Save On Your California Property Taxes Using Proposition 60 & 90

If you sell your home in California's Orange County and buy a replacement home in the OC (or other reciprocal county), you can maintain your current property tax rate for this replacement home. That's a possible big property tax savings year after year, according to California Proposition 60 passed by voters in 1986.
Check with the Orange County Assesssor. There are conditions and restrictions to qualify: You must be 55 years or older. This only applies to the sale of your principal home. Vacation homes or rental property do not apply. The replacement home you buy must be at the same or lower value of the home your selling. However, the replacement home can be as high as 5% more if purchase within one year after sale of prior home. Proposition 13 passed in 1978 in California, setting property taxes to a rate of one percent of assessed value, also determined by purchase price.

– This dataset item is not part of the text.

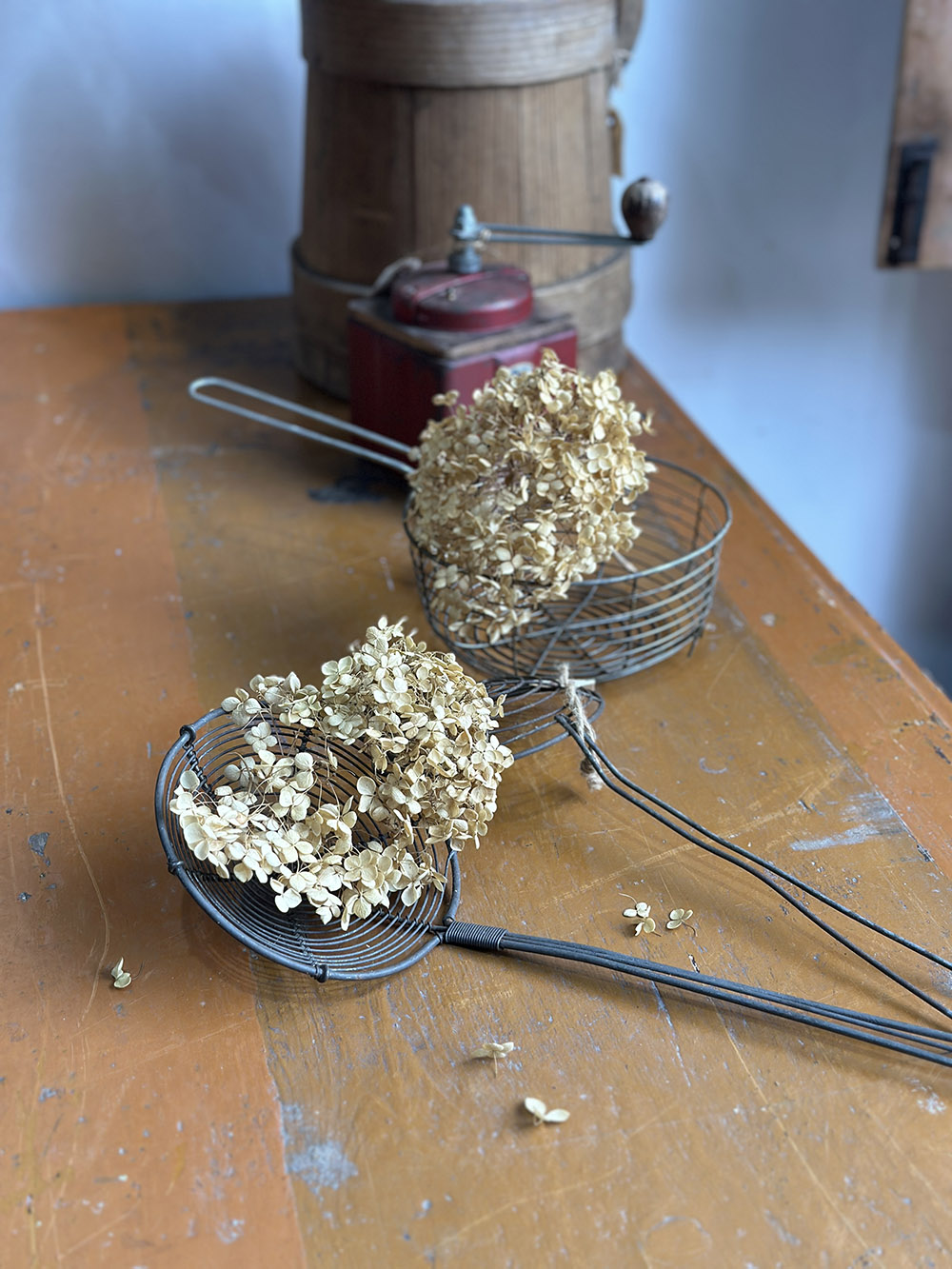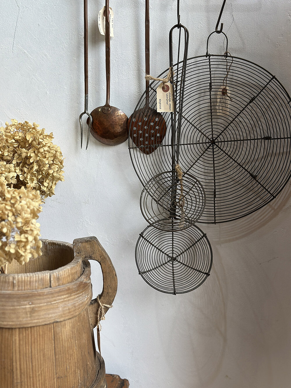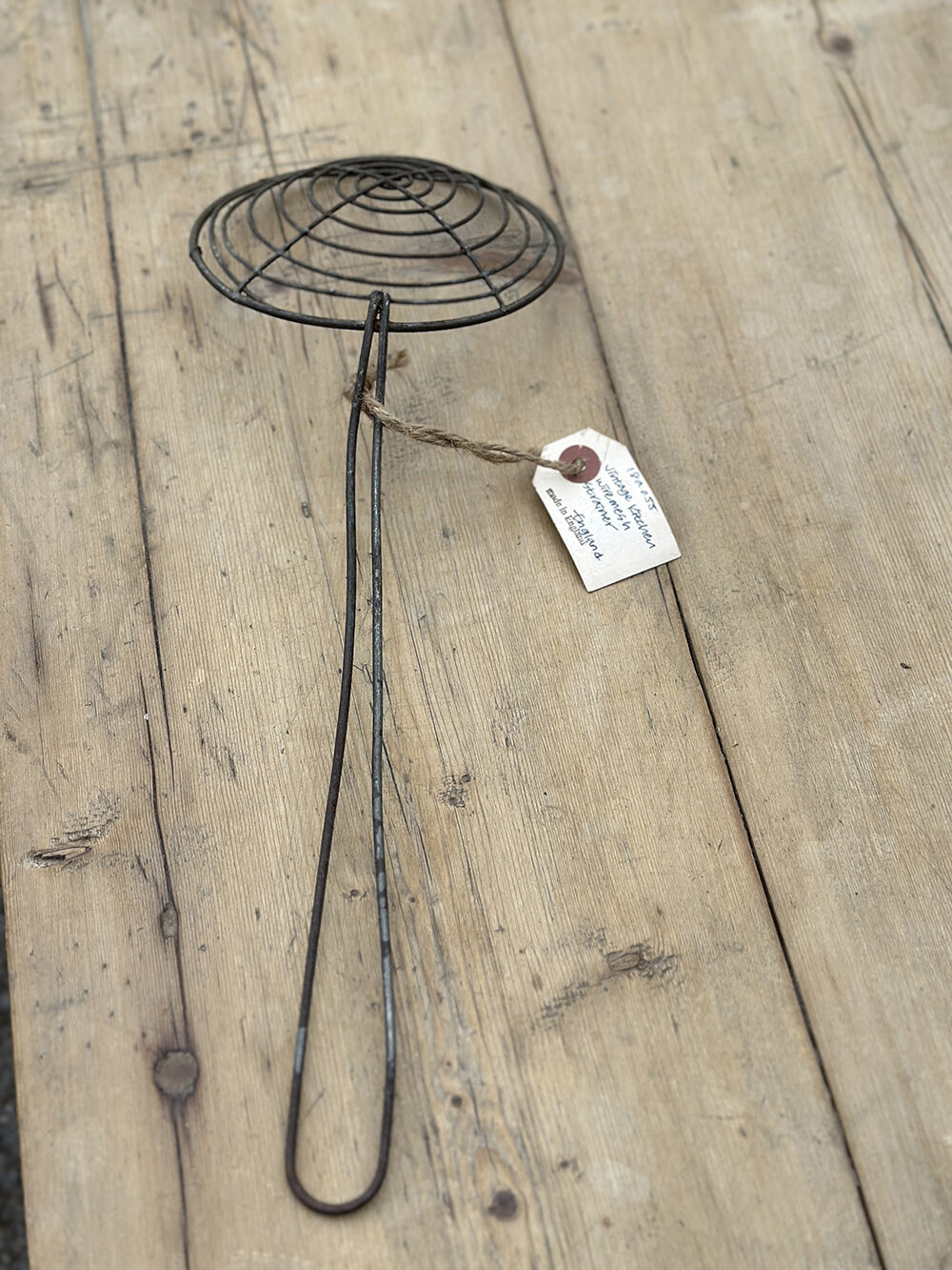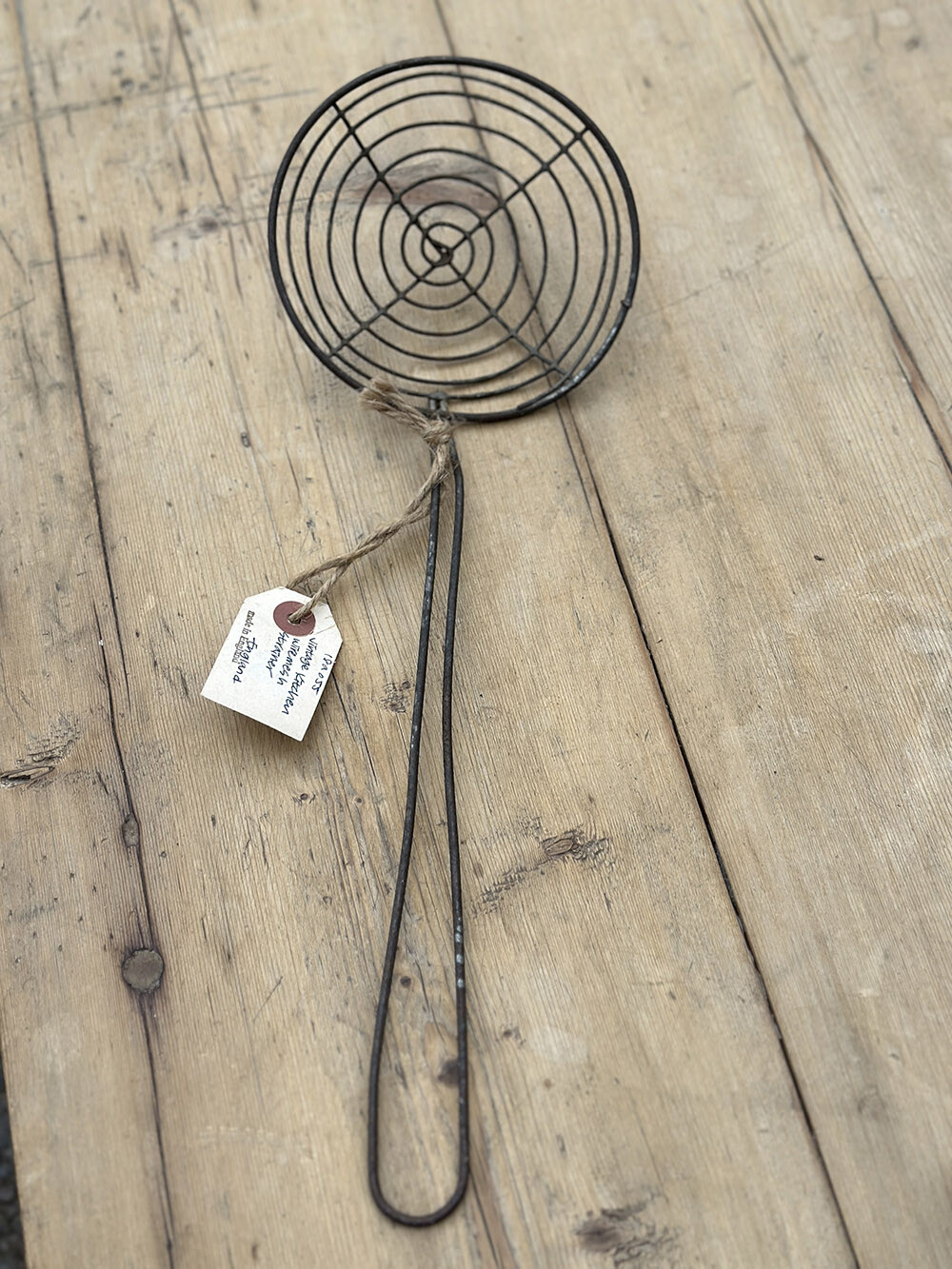 와이어 메쉬로 제작된 빈티지 키친 스트레이너입니다. 동냄비나 다른 키친 도구들처럼 빈티지 스타일의 키친 연출에 매우 유용한 아이템이죠. 사진에서 보는 느낌보다 실물은 꽤 큼직합니다.

If you qualify for Proposition 60, your property taxes would remain at what they were when you bought your prior home. Proposition 90 was adopted in 1988 and extends Proposition 60 benefits to a homeowner who sells and buys in two different California counties, only if the other county outside of Orange County has adopted this county ordinance permitting this transfer to occur. There are 7 ‘reciprocal’ counties that have adopted the Prop 90 ordinance making Prop 60 benefits available to local replacement dwellings. These counties are Alameda, Los Angeles, Orange, San Diego, San Mateo, Santa Clara, and Ventura
This is complicated. We recommend you contact us at Explore Group or your real estate lawyer or certified public accountant to determine whether you qualify.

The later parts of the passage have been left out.